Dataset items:
************

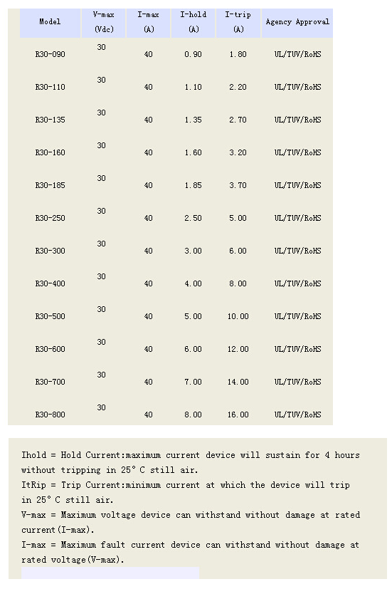 简述: 自恢复保险丝是一种过流电子保护元件,采用高分子有机聚合物在高压、高温,硫化反应的条件下,搀加导电粒子材料后,经过特殊的工艺加工而成。传统保险丝过流保护,仅能保护一次,烧断了需更换,而自恢复保险丝具有过流过热保护,自动恢复双重功能。在习惯上把 PPTC(Polymer PositiveTemperature Coefficient)也叫自恢复保险丝。
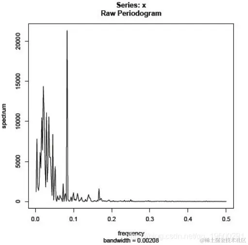 任何时间序列都可以表示为在 谐波 频率上振荡的余弦和正弦波之和= j / n,其中j = 1,2,...,n / 2。周期图给出了关于各种频率的相对强度的信息,用于解释时间序列的变化。
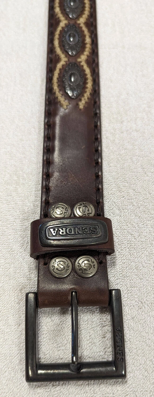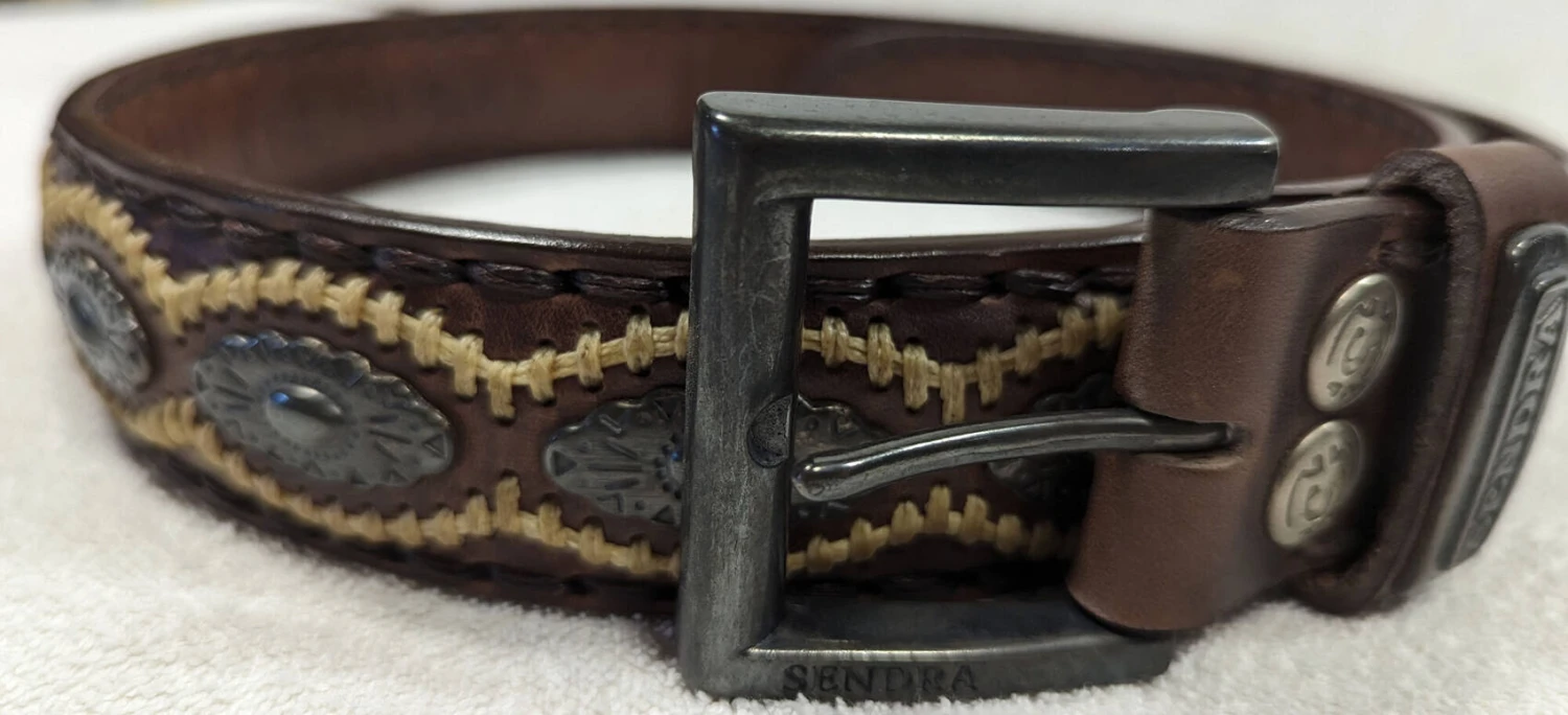 Ceinture en cuir de vachette marron épaisse , de la marque Sendra, on aime son style plus particulier avec ses décorations et piqures, la boucle est de couleur argent patiné
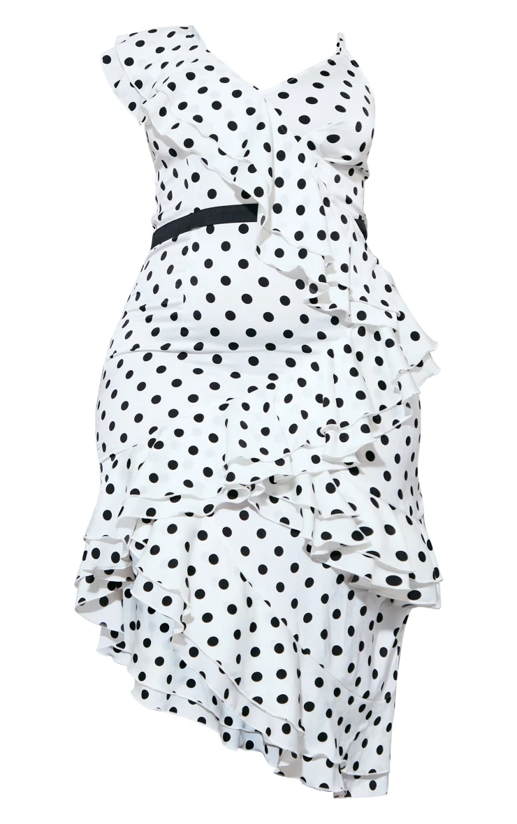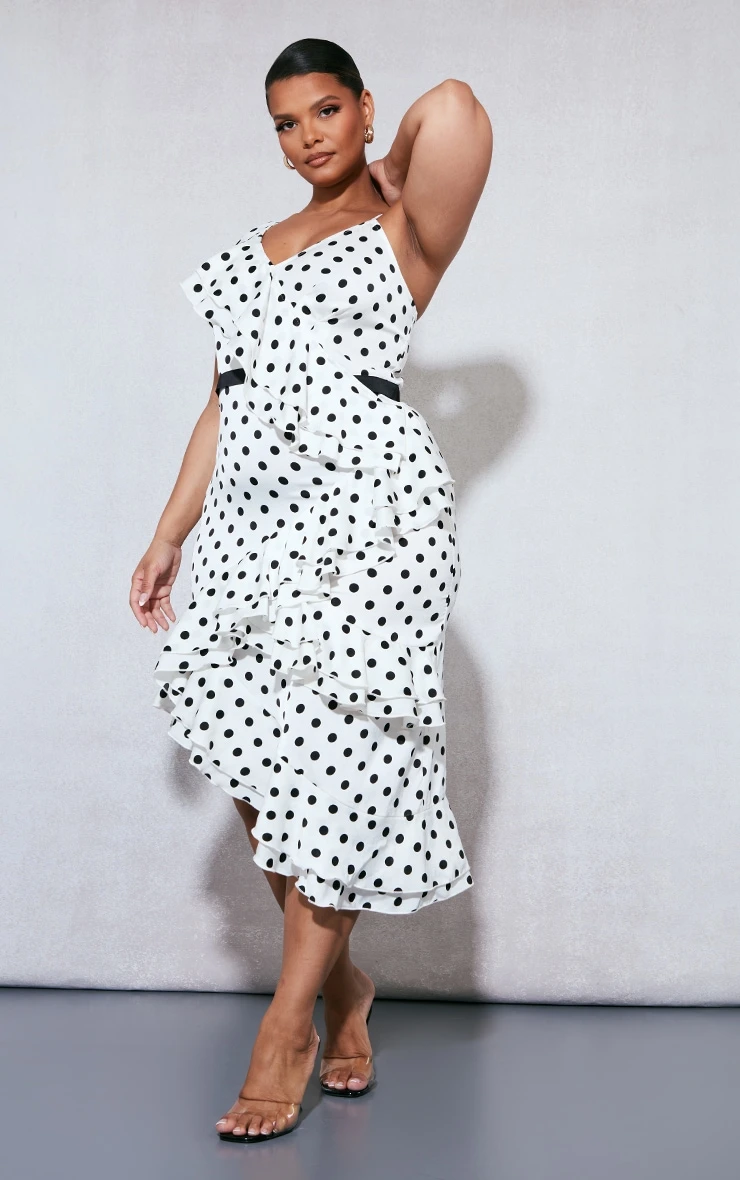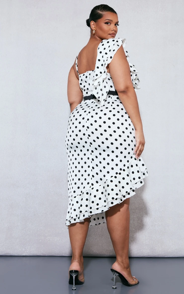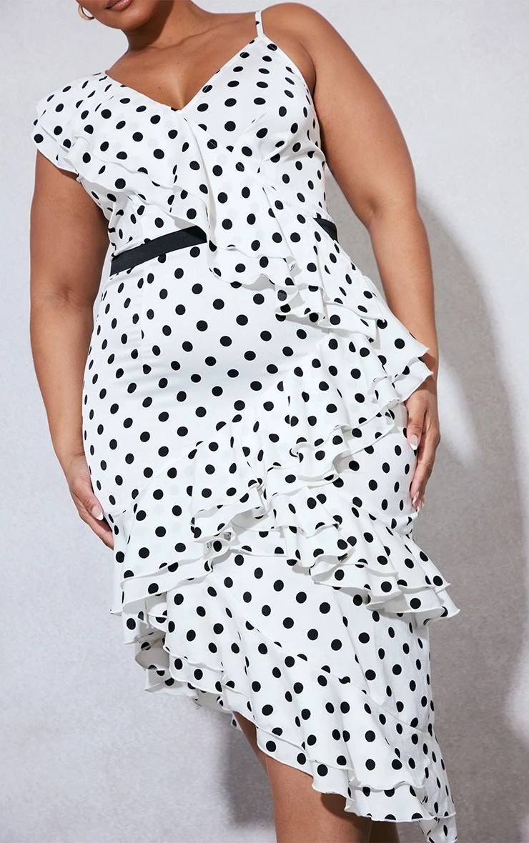 This plus white polka dot ruffle detail midi dress is here to banish any of your what to wear dilemmas. Brought to you in a white material with a polka dot design, we can’t get enough. From start to finish this midi dress will have you looking totally on-trend. With ruffle detailing, you are sure to be feeling confident. For a next-level look simply style with some clear heels and your fave accessories. It’s a yes from us doll.
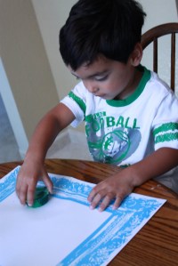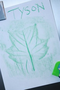 While outside on our dinosaur-mud hunt, we picked up some leaves to do leaf prints:
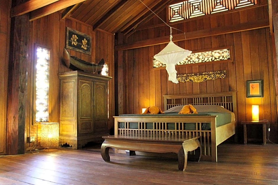A very special place with great traditional wooden houses as rooms. Really loved the place. Something different and very well done. Tasteful, artful, very spacious and comfortable rooms. An atmosferic open restaurant with good food. Large pool. All in a beautiful setting on the quiet island in front of Kratie. A great place to stay!
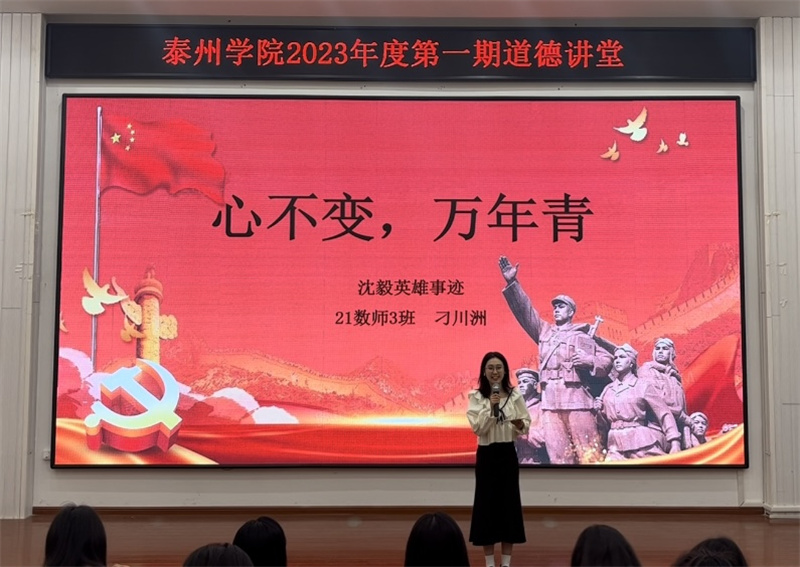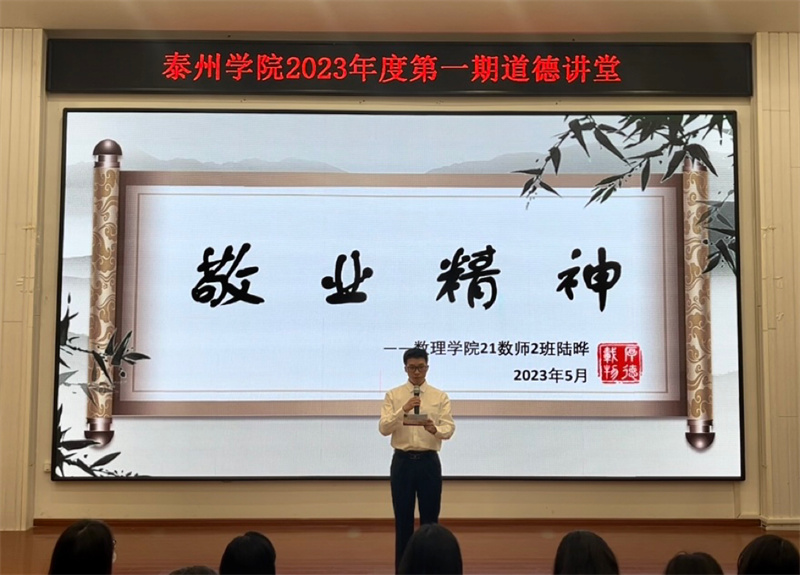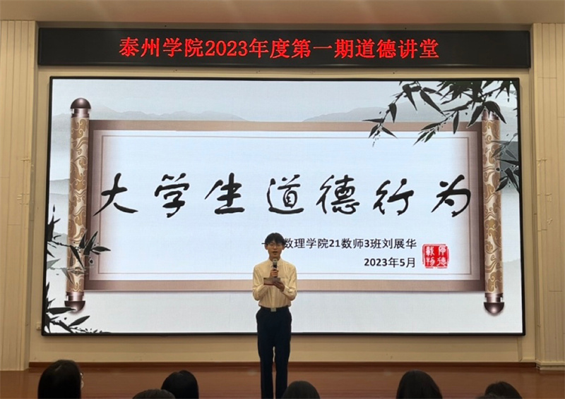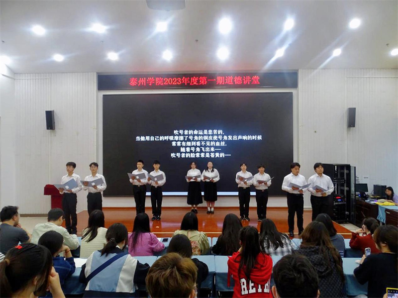 本次活动按照“作省身、唱歌曲、看短片、做分享、诵经典、讲故事和送吉祥” 7个环节依次进行。活动在《公民道德歌》中正式拉开帷幕。道德短片让师生们沉浸在主人公邓小岚的默默耕耘与无私奉献中,激发了师生内心深处的道德自律。随后,青年马克思主义者研究会数理学院分会成员分别就泰州地区革命先烈沈毅的事迹和同学们身边的故事做了分享,致敬道德楷模,感悟道德人生,将优秀道德理念内化于心、外化于行。一首饱含深情的《吹号者》诵读将活动推入高潮,诵读者将热血化为声音,唤醒并激励民族奋勇前进,感染全场。
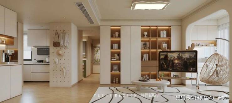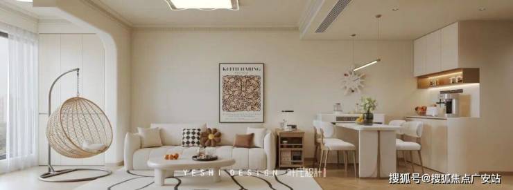 设计注重光影层次与动线流畅,通过开放式布局提升空间开阔感,动线通达、惬意相欢,简约吊灯温润了空间的疏离感,竹编镂空吊椅赋予了生动的功能联动,奶白色沙发实现美观与功能的平衡,也构建起整个客厅的温柔基底。
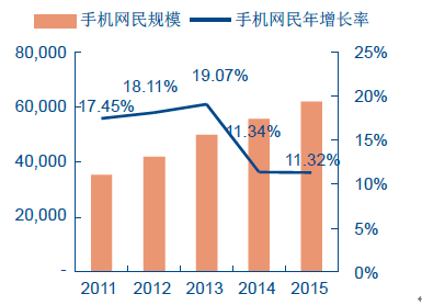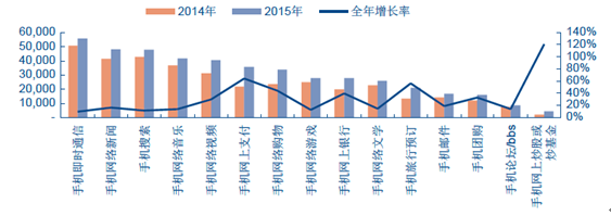 2014-2015年中國移動互聯網應用的用戶規模及其年增長率(單位:萬人)

************

**Task to carry out:**
Please reproduce the records above exactly, omitting every picture.

**Exercise solution:**
 简述: 自恢复保险丝是一种过流电子保护元件,采用高分子有机聚合物在高压、高温,硫化反应的条件下,搀加导电粒子材料后,经过特殊的工艺加工而成。传统保险丝过流保护,仅能保护一次,烧断了需更换,而自恢复保险丝具有过流过热保护,自动恢复双重功能。在习惯上把 PPTC(Polymer PositiveTemperature Coefficient)也叫自恢复保险丝。
 任何时间序列都可以表示为在 谐波 频率上振荡的余弦和正弦波之和= j / n,其中j = 1,2,...,n / 2。周期图给出了关于各种频率的相对强度的信息,用于解释时间序列的变化。
 Ceinture en cuir de vachette marron épaisse , de la marque Sendra, on aime son style plus particulier avec ses décorations et piqures, la boucle est de couleur argent patiné
 This plus white polka dot ruffle detail midi dress is here to banish any of your what to wear dilemmas. Brought to you in a white material with a polka dot design, we can’t get enough. From start to finish this midi dress will have you looking totally on-trend. With ruffle detailing, you are sure to be feeling confident. For a next-level look simply style with some clear heels and your fave accessories. It’s a yes from us doll.
 While outside on our dinosaur-mud hunt, we picked up some leaves to do leaf prints:
A very special place with great traditional wooden houses as rooms. Really loved the place. Something different and very well done. Tasteful, artful, very spacious and comfortable rooms. An atmosferic open restaurant with good food. Large pool. All in a beautiful setting on the quiet island in front of Kratie. A great place to stay!
 本次活动按照“作省身、唱歌曲、看短片、做分享、诵经典、讲故事和送吉祥” 7个环节依次进行。活动在《公民道德歌》中正式拉开帷幕。道德短片让师生们沉浸在主人公邓小岚的默默耕耘与无私奉献中,激发了师生内心深处的道德自律。随后,青年马克思主义者研究会数理学院分会成员分别就泰州地区革命先烈沈毅的事迹和同学们身边的故事做了分享,致敬道德楷模,感悟道德人生,将优秀道德理念内化于心、外化于行。一首饱含深情的《吹号者》诵读将活动推入高潮,诵读者将热血化为声音,唤醒并激励民族奋勇前进,感染全场。
 设计注重光影层次与动线流畅,通过开放式布局提升空间开阔感,动线通达、惬意相欢,简约吊灯温润了空间的疏离感,竹编镂空吊椅赋予了生动的功能联动,奶白色沙发实现美观与功能的平衡,也构建起整个客厅的温柔基底。
 2014-2015年中國移動互聯網應用的用戶規模及其年增長率(單位:萬人)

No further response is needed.